How to Turn Your Samsung Galaxy S4 into a Personal Ambient Weather Station

The new Samsung Galaxy S4 has something no other phone has ever had before—weather sensors.

Image via wonderhowto.com

Older devices like the Galaxy Nexus, S3, Note, and Note 2 do have a atmospheric pressure sensor, aka a barometer. However, they do not have a thermometer or hygrometer like the GS4 does, which measures ambient temperature and humidity.

What Can You Do with Them?

As intuitive as the sensors could be, their function has actually been buried inside the S Health app on your GS4.

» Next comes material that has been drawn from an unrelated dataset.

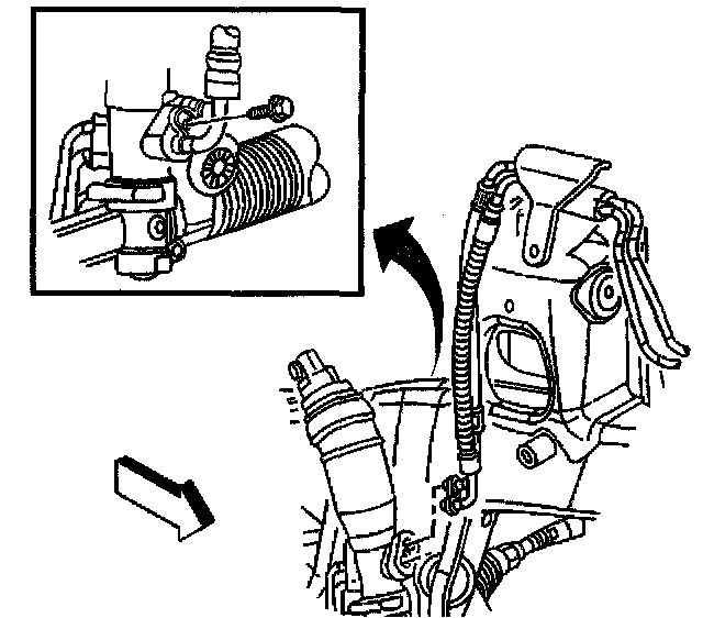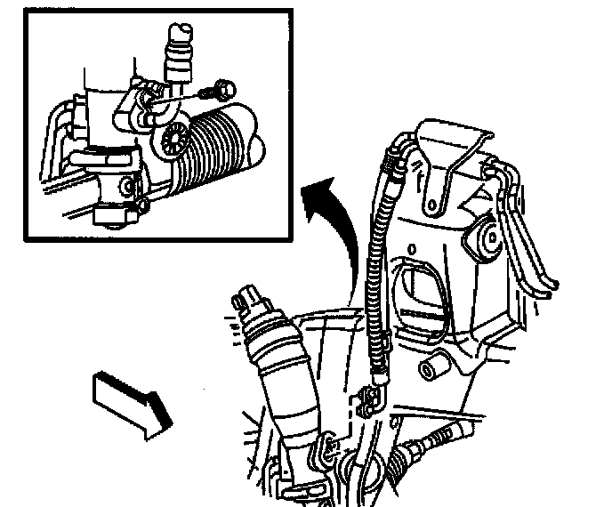 6. Install the power steering hose assembly to the power steering gear retaining bolt.

The app uses these measurements to tell you if you're in your "comfort zone" or not, and the device uses the ISO 7730 standard to determine your comfort level, but you can personalize it to your liking.

Image via wonderhowto.com

Clearly, I am not in my comfort zone!

I guess this is cool, but it begs the question:

Why Would I Need This?

The pedometer and food tracker are really cool, but don't I already know when I'm comfortable? The short answer is yes, of course, but Samsung wants you to get the current status of your surroundings for your activities. That means they want you to know if you're in a safe environment to work out.

Is this gimmicky? Ab-so-lutely!

But just because they packed all of these sensors in the S Health app doesn't mean we SoftModders can't do something about it.

Turn Your Galaxy S4 into a Portable Weather Station

A much better use of the ambient temperature and humidity sensors would be to use them as a personal and portable weather station. Which is exactly what Android app developer A-Minor thought when he created Weather Station, a free (and ad-free) app that utilizes your new sensors to their fullest potential.

As A-Minor states, the code for these sensors was implemented by Google back in Android 4.0 (Ice Cream Sandwich), but it wasn't until the GS4 that a manufacturer decided to use them. That being the case, aside from S Health, this is one of the only few apps that put these sensors to work.

Features

• Graphs with details including 24 hour and 7 day high and low readings.
• Notifications and alerts when certain variables are met (i.e. temp over 90°).

• Historical records.
• Ability to change units for temperature/dew point, pressure, and absolute humidity.

• 3 widget sizes with 3 style choices.

• Indicators for rising, falling, and steady readings.
• Export background readings to a .txt file.